**The task:** Find the line containing "- AMC Pure Pigment", then print it and each following line through the end of the records, exactly and with nothing added; leave out any pictures.

(Stored items from a collection)

* * *

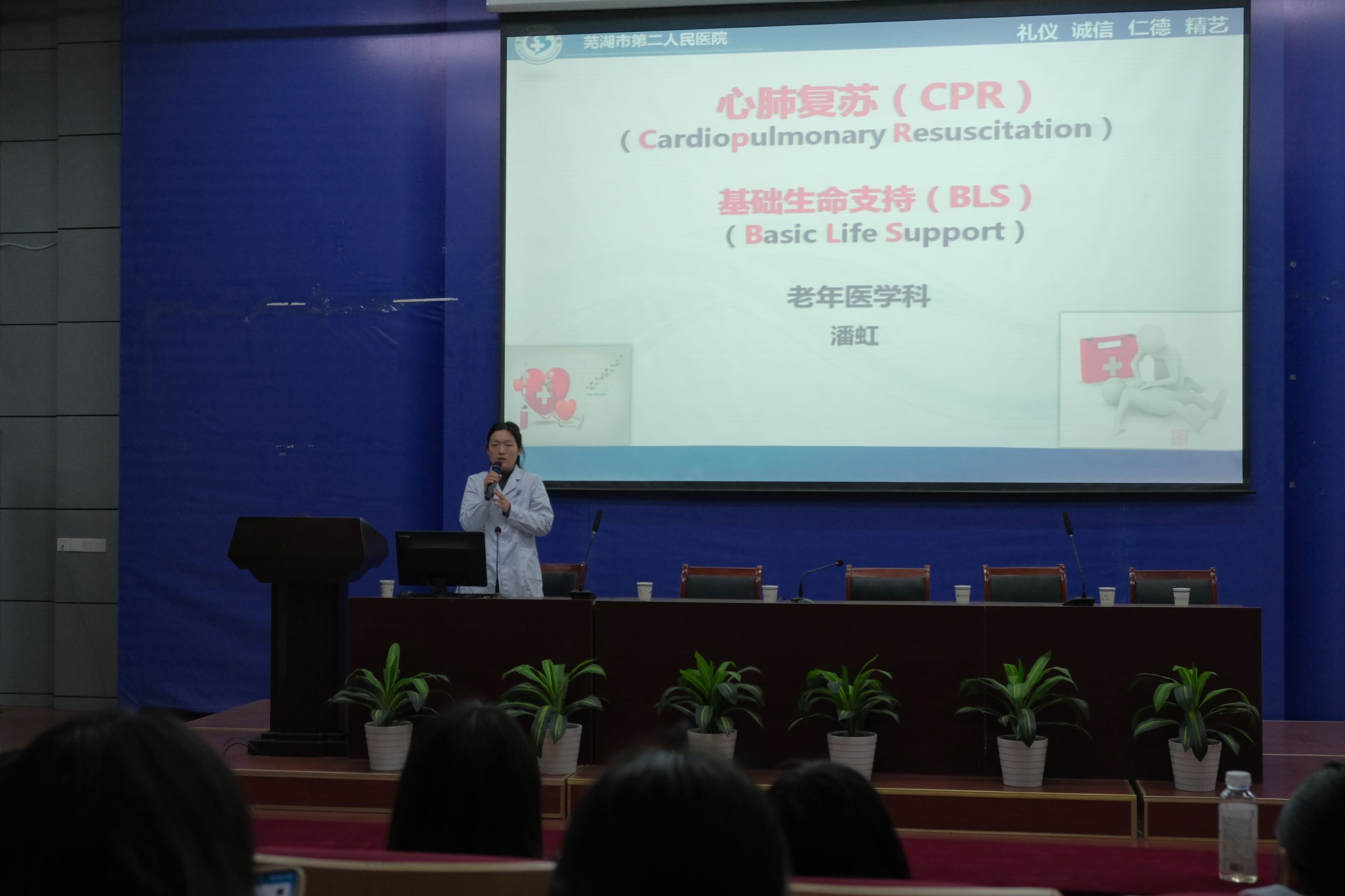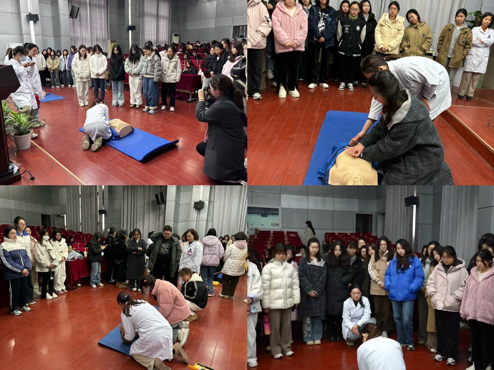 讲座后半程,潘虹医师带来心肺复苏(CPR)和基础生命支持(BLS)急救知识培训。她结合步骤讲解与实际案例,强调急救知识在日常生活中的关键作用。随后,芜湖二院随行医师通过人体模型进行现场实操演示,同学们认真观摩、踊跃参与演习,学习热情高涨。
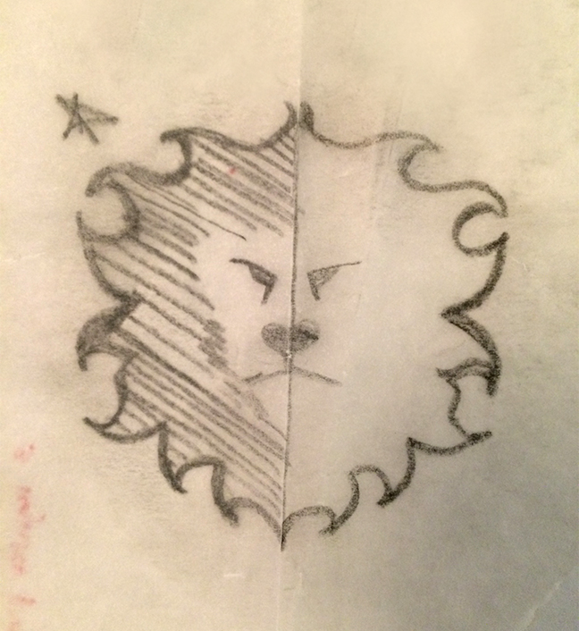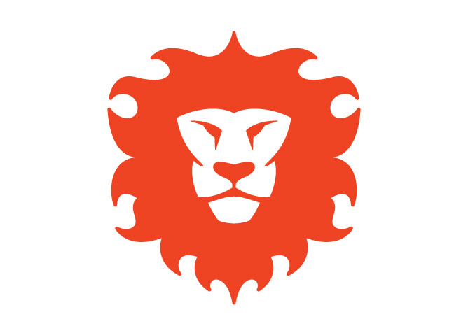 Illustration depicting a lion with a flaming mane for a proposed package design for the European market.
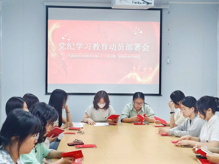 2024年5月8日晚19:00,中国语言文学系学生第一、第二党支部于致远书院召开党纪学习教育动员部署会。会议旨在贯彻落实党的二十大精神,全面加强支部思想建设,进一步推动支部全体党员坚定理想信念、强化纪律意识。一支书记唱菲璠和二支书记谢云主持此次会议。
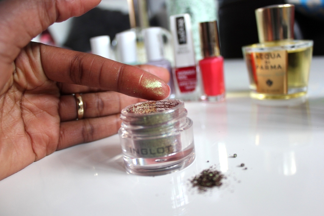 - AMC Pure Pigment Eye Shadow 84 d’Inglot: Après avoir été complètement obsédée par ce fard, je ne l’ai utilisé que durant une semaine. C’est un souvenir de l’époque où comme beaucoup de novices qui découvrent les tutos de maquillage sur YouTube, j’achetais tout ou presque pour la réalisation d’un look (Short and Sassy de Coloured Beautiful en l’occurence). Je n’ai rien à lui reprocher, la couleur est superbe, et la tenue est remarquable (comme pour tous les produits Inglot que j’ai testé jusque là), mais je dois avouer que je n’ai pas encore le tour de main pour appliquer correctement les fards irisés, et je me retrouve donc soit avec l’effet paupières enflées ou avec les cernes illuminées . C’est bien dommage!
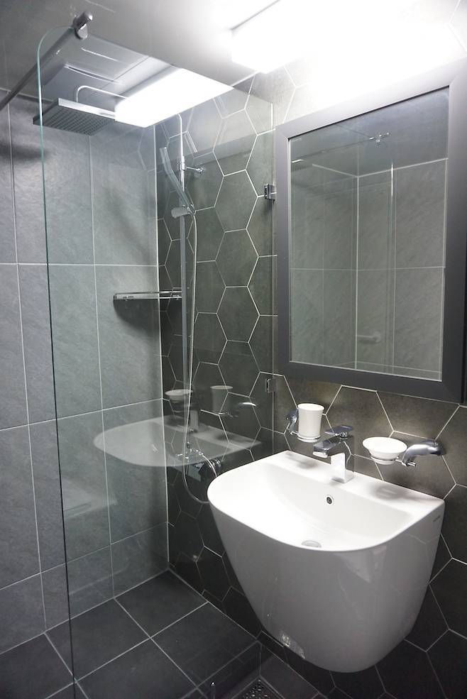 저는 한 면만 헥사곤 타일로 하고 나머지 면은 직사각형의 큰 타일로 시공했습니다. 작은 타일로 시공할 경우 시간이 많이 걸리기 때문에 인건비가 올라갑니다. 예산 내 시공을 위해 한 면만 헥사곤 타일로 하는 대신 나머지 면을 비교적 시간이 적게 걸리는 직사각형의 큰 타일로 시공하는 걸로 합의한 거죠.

* * *

**Output:**
 - AMC Pure Pigment Eye Shadow 84 d’Inglot: Après avoir été complètement obsédée par ce fard, je ne l’ai utilisé que durant une semaine. C’est un souvenir de l’époque où comme beaucoup de novices qui découvrent les tutos de maquillage sur YouTube, j’achetais tout ou presque pour la réalisation d’un look (Short and Sassy de Coloured Beautiful en l’occurence). Je n’ai rien à lui reprocher, la couleur est superbe, et la tenue est remarquable (comme pour tous les produits Inglot que j’ai testé jusque là), mais je dois avouer que je n’ai pas encore le tour de main pour appliquer correctement les fards irisés, et je me retrouve donc soit avec l’effet paupières enflées ou avec les cernes illuminées . C’est bien dommage!
 저는 한 면만 헥사곤 타일로 하고 나머지 면은 직사각형의 큰 타일로 시공했습니다. 작은 타일로 시공할 경우 시간이 많이 걸리기 때문에 인건비가 올라갑니다. 예산 내 시공을 위해 한 면만 헥사곤 타일로 하는 대신 나머지 면을 비교적 시간이 적게 걸리는 직사각형의 큰 타일로 시공하는 걸로 합의한 거죠.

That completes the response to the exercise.